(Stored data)
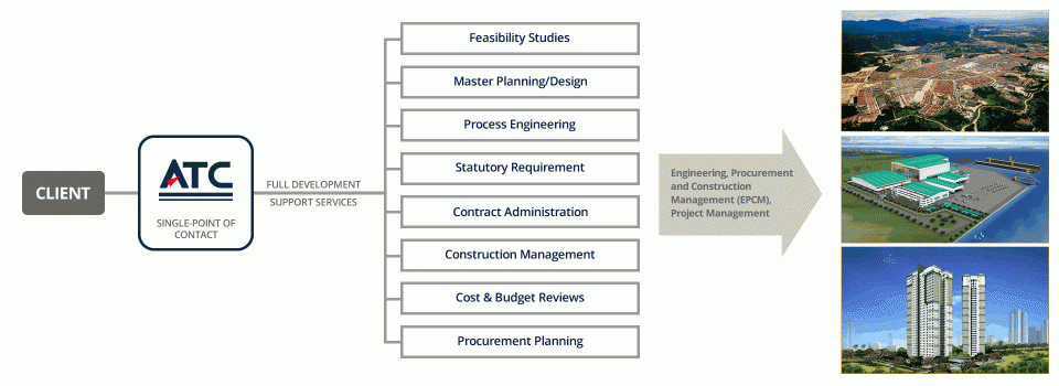 ATC provides a single channel in handling all downstream activities required for successful project completion. Our regional exposure and close working relationship with our counterparts in these countries enable us to assure overseas investors of the acquisition of land, obtaining of building permits, compliance with local building and environmental regulations. Most importantly, our assurance of quality that our clients are accustomed to.
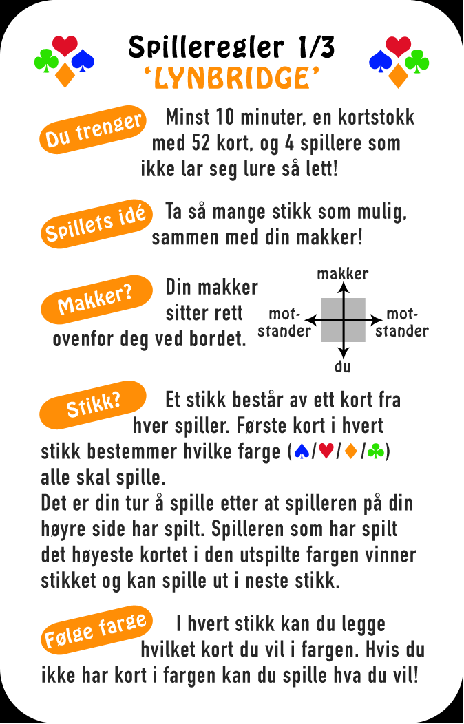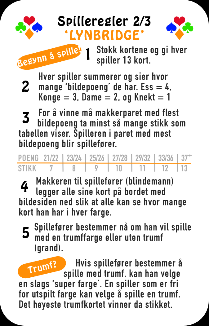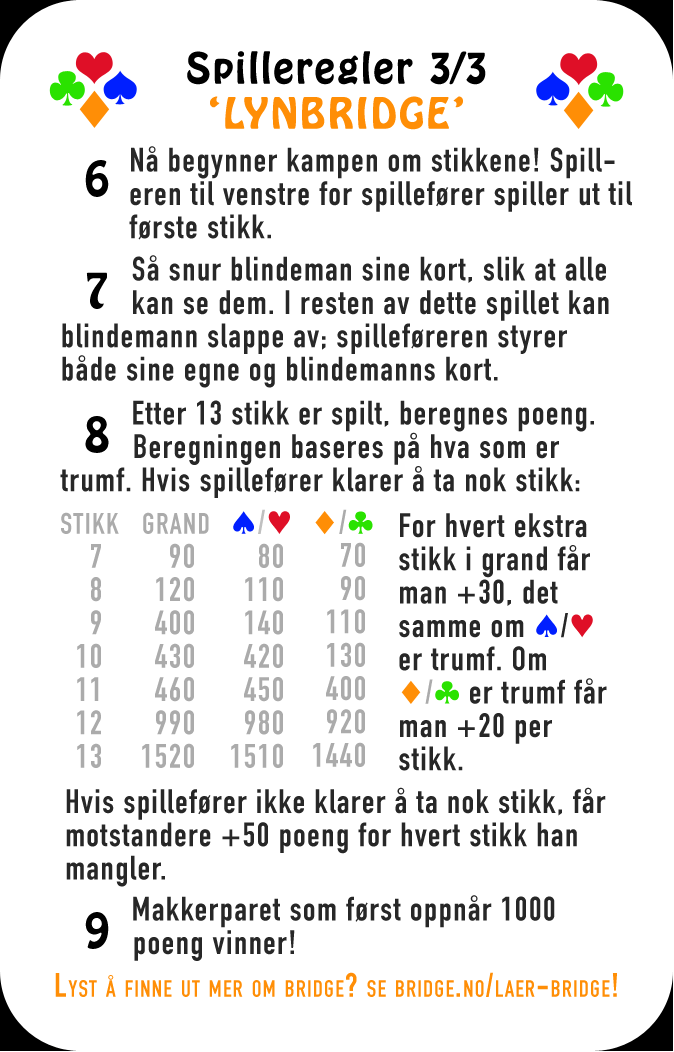 Lynbridge fokuserer på spillet, så meldedelen er svært forenklet. Etter at det forenklete meldingsforløpet er over, er spillet helt likt vanlig bridge. Kurset passer alle aldere.
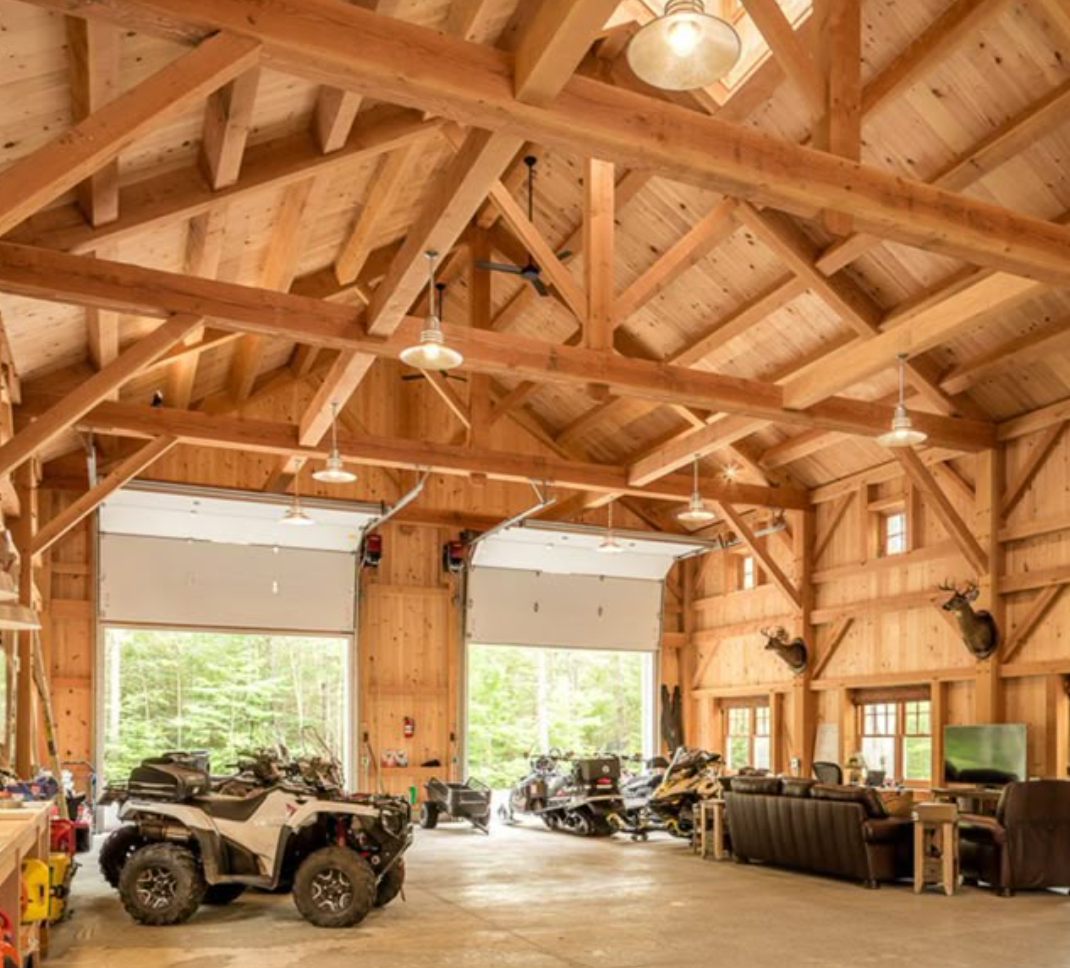 dark timberframe mountains outside wood garage doors
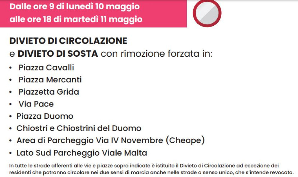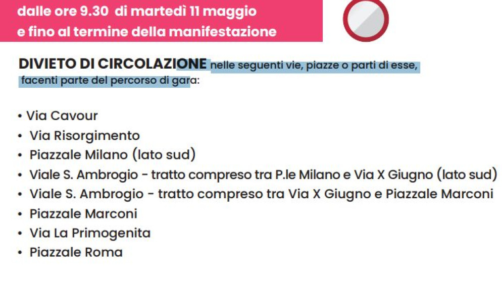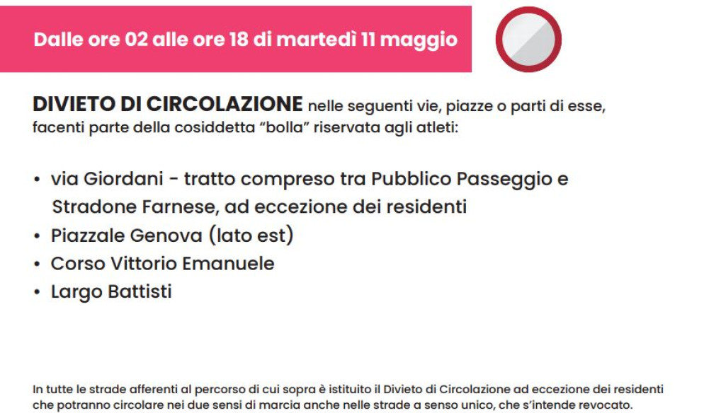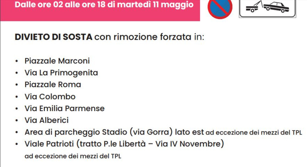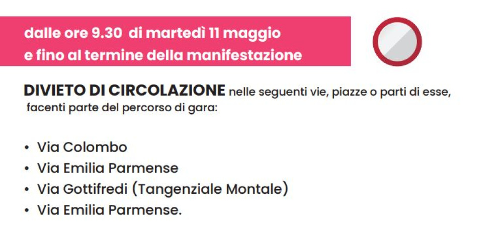 Inoltre, per consentire il passaggio della carovana rosa, nella giornata di martedì via Emilia Parmense (nel tratto che da Piacenza conduce a Cadeo, Pontenure, Fiorenzuola e Alseno) rimarrà chiusa alla circolazione dalle 10.00 alle 13.00 circa. Ad Alseno, in particolare, il tratto di via Emilia interessato dal transito dei ciclisti riaprirà intorno alle 14.00.
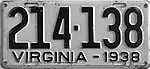 1938 | Embossed black serial on white plate; "VIRGINIA - 1938" at bottom | 123-456 | 1 to approximately 388-000 | |
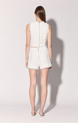 With a flattering high waist shape in our luxe tweed fabric, The Dora Short features flap pockets with engraved buttons and fringe accents. Wear it with the Dara Top for a chic set.
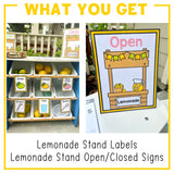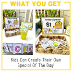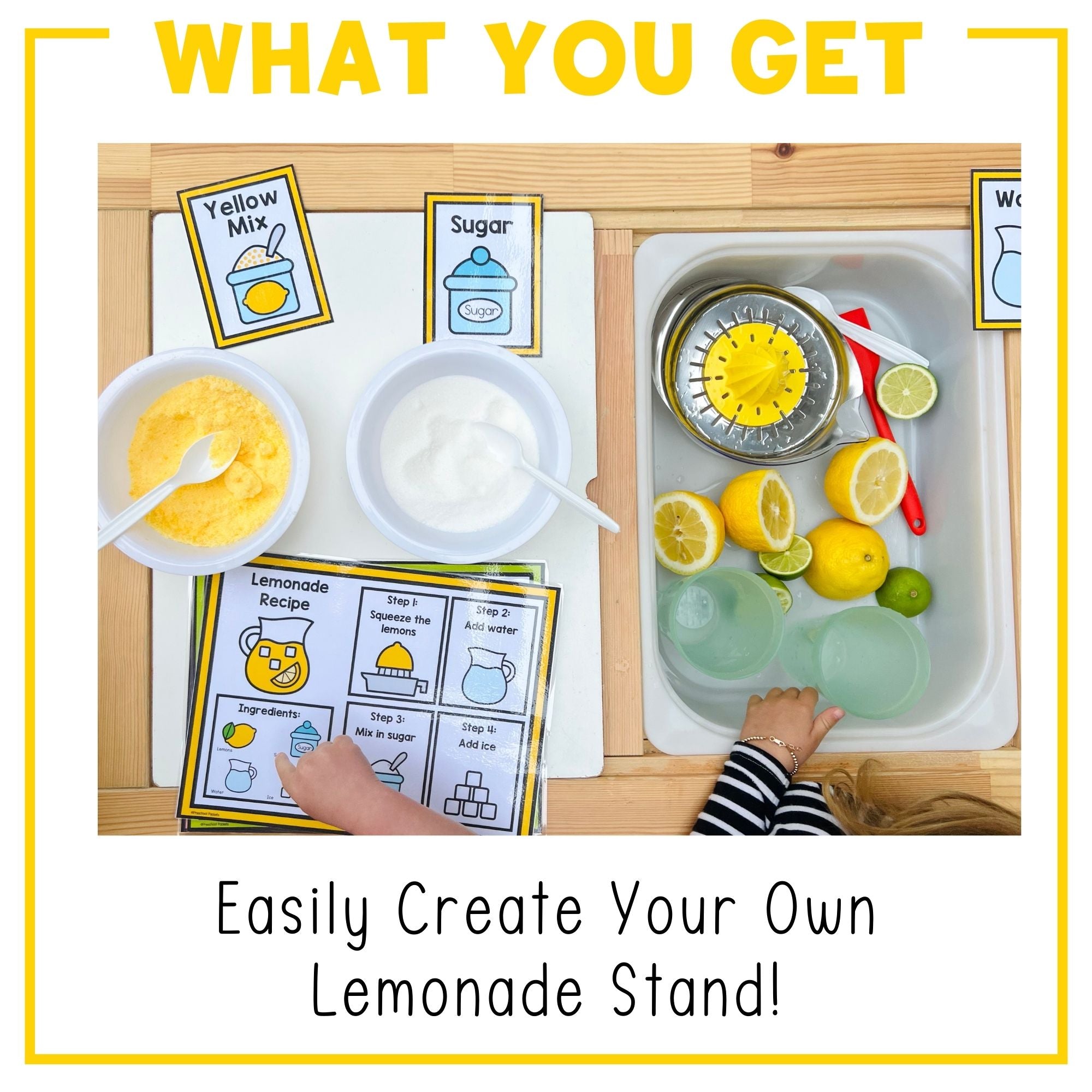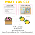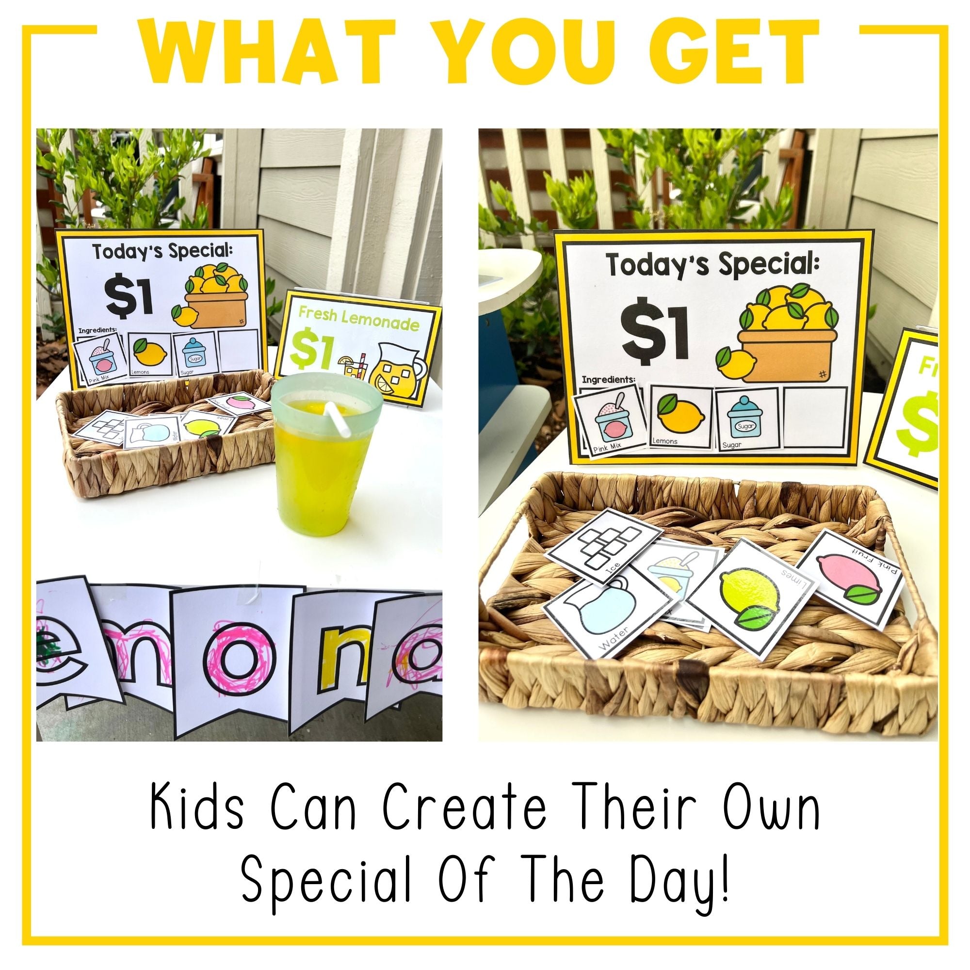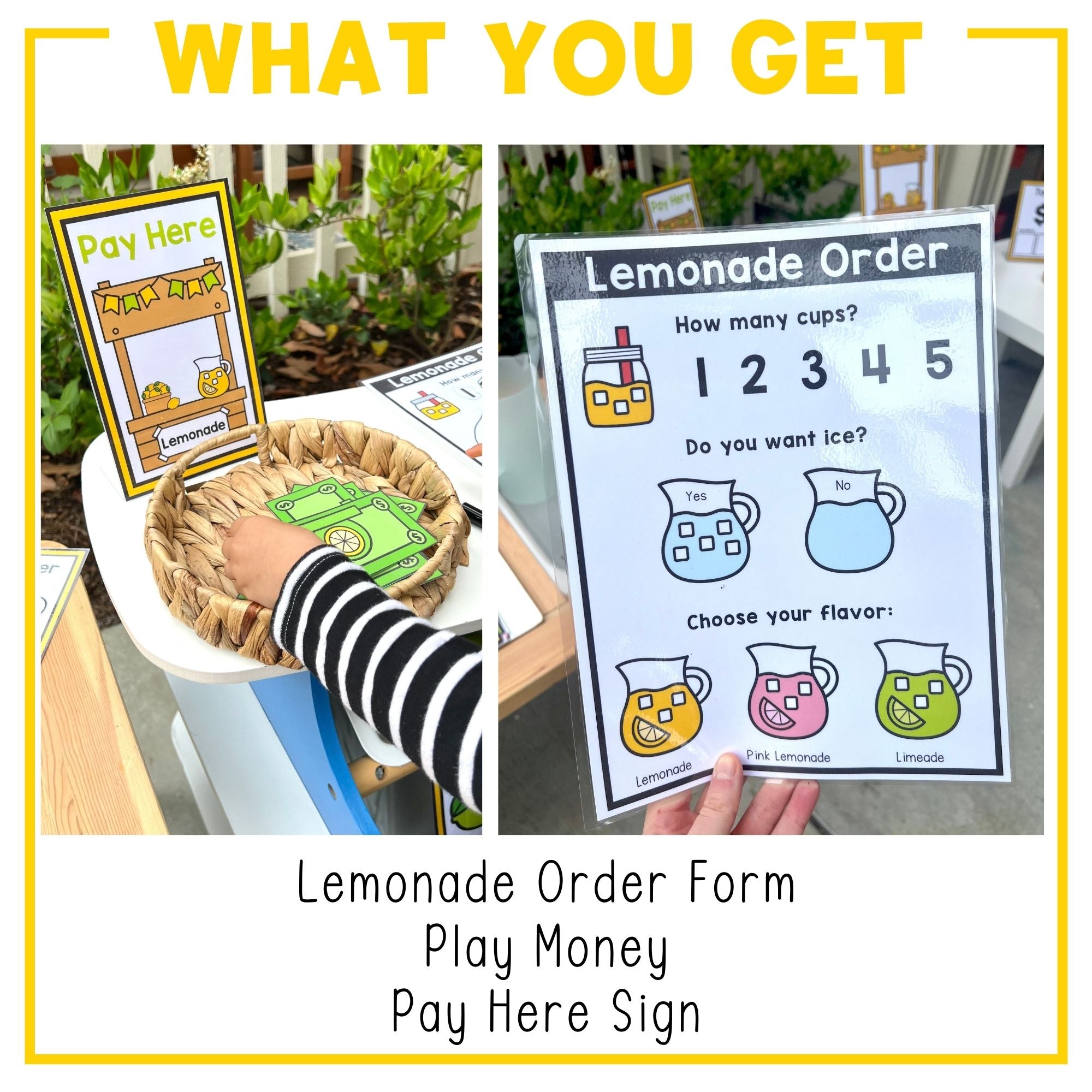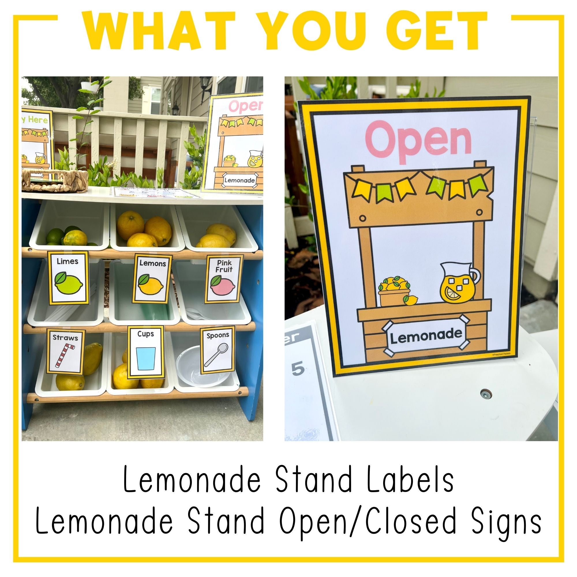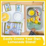 A printable Lemonade Stand Dramatic Play Center that is a perfect summer activity for preschool-aged and children! This interactive lemonade stand encourages role-playing, social skills, and basic math concepts like counting money and making change.

## Your objective:
Nothing but the lines from the one containing "Lynbridge fokuserer på" through the last line of the records should appear in the copy, exactly as written and without pictures.

## Output for this exercise:
 Lynbridge fokuserer på spillet, så meldedelen er svært forenklet. Etter at det forenklete meldingsforløpet er over, er spillet helt likt vanlig bridge. Kurset passer alle aldere.
 dark timberframe mountains outside wood garage doors
 Inoltre, per consentire il passaggio della carovana rosa, nella giornata di martedì via Emilia Parmense (nel tratto che da Piacenza conduce a Cadeo, Pontenure, Fiorenzuola e Alseno) rimarrà chiusa alla circolazione dalle 10.00 alle 13.00 circa. Ad Alseno, in particolare, il tratto di via Emilia interessato dal transito dei ciclisti riaprirà intorno alle 14.00.
 1938 | Embossed black serial on white plate; "VIRGINIA - 1938" at bottom | 123-456 | 1 to approximately 388-000 | |
 With a flattering high waist shape in our luxe tweed fabric, The Dora Short features flap pockets with engraved buttons and fringe accents. Wear it with the Dara Top for a chic set.
 A printable Lemonade Stand Dramatic Play Center that is a perfect summer activity for preschool-aged and children! This interactive lemonade stand encourages role-playing, social skills, and basic math concepts like counting money and making change.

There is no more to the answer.